Filippo Rinaldi was an Italian Roman Catholic priest and a professed member from the Salesians of Don Bosco; he served as the third Rector Major for the order from 1922 until his death in 1931. He founded the Secular Institute of Don Bosco Volunteers. Rinaldi was close friends since his childhood to Giovanni Bosco and Paolo Albera and it was Bosco who guided Rinaldi who was torn in his adolescence between the farming life and the religious life. The order held him in high esteem from the outset and noted the potential within him as well as seeing the charism of Bosco encompassed in Rinaldi.
Leonardo Murialdo was an Italian Roman Catholic priest and the co-founder of the Congregation of Saint Joseph - also known as the Murialdines. Murialdo's call to the priesthood did not manifest until late in his education in Savona; he pursued his ecclesial studies and was ordained as such in 1851 before dedicating himself to social work alongside the poor and with adolescent men. This put him into contact with other priests of the era such as Giovanni Bosco and Giuseppe Cafasso who held Murialdo in great esteem. His zeal for social concern saw his frequent calls for an end to worker exploitation and the granting of further rights to workers in factories.
Oreste Marengo was an Italian Roman Catholic prelate and professed member from the Salesians of Don Bosco. He served as the Bishop of Diburugarh from 1951 until his transferral in 1964 to Tezpur where he served until 1969. From that point until 1979 he served as the apostolic administrator for the new Tura see. He was dedicated since his childhood to joining the missions and in his late adolescence was permitted to go to the missions in India. Marengo often trekked on foot to remote villages where he evangelized to the people and provided for their educational needs as best he could. He was reluctant to accept his episcopal nomination but did not cease his catechizing and evangelizing in his dioceses. His time spent in India saw him learn prior to his ordination under the Venerable Stefano Ferrando and the Servant of God Costantino Vendrame.
Francesco Convertini was an Italian Roman Catholic priest and professed member from the Salesians of Don Bosco. He served in the missions in India since arriving there in the mid-1920s and dedicated his apostolate to tending to children suffering from malnutrition and fostering interreligious dialogue and tolerance. He also dedicated himself to preserving the environmental protection of local communities in waste-ridden areas and travelled to various communities to bring forth the Gospel message to all people.
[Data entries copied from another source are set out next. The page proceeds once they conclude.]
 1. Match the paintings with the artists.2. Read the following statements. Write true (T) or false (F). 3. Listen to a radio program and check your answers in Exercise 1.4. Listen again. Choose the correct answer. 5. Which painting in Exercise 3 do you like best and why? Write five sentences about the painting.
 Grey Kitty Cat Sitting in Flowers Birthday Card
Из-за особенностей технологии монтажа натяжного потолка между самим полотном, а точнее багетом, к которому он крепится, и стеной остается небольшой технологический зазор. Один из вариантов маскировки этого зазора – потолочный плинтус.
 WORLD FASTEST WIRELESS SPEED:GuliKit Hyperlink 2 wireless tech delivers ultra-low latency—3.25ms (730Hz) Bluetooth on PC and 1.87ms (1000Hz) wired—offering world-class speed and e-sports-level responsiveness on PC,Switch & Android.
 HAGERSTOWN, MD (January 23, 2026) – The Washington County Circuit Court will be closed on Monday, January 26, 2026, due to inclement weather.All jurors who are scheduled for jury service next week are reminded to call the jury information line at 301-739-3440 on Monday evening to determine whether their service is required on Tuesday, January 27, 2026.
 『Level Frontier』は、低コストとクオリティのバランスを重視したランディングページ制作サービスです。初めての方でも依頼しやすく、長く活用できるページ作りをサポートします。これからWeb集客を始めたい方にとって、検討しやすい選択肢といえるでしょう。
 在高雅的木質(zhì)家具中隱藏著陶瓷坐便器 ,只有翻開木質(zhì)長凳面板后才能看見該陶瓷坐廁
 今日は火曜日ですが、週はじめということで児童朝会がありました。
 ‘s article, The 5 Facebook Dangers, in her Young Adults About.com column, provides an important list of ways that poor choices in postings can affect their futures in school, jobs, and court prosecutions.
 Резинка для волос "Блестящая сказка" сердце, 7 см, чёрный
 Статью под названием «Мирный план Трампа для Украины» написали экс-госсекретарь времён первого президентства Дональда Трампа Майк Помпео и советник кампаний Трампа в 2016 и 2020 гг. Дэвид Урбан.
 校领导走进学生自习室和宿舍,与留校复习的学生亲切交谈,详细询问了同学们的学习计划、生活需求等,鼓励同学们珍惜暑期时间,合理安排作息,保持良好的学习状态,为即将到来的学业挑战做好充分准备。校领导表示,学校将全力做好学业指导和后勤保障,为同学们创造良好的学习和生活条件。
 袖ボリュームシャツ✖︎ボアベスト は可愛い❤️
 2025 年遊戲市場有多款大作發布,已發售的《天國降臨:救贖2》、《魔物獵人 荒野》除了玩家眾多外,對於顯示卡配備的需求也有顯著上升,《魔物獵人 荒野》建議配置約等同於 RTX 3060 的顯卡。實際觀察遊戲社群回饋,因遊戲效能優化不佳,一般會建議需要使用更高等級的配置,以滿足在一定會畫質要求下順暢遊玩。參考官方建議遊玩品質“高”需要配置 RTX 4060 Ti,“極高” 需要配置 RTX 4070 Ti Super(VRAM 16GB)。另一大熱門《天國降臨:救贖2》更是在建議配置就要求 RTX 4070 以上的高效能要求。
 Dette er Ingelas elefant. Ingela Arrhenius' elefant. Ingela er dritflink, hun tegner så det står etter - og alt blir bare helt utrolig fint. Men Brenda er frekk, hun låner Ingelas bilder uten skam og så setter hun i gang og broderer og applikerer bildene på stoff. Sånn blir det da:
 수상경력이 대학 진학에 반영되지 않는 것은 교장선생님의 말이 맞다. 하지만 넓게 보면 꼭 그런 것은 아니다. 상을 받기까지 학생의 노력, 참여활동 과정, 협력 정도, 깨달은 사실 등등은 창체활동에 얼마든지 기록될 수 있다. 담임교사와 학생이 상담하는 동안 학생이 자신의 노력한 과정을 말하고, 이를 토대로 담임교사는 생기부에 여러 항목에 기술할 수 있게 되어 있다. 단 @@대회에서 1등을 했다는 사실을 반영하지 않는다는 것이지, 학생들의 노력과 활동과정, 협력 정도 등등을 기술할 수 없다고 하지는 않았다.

Attilio GiordaniA.S.C. was an Italian Roman Catholic and member from the Association of Salesian Cooperators. Giordani studied in Milan where he encountered the Salesians of Don Bosco alongside his brother Camillo. His brother was inspired to become a priest while Giordani was inspired to become a catechist and evangelist catering to the needs of the local children and adolescents. His work at a Salesian-managed oratorio was where he would meet his future wife during the time he did mandated service with the Italian armed forces during World War II. He had three children and followed them to Brazil to do volunteer work in the missions there. His time there was short-lived as he died suffering a heart attack while giving an address to a crowd.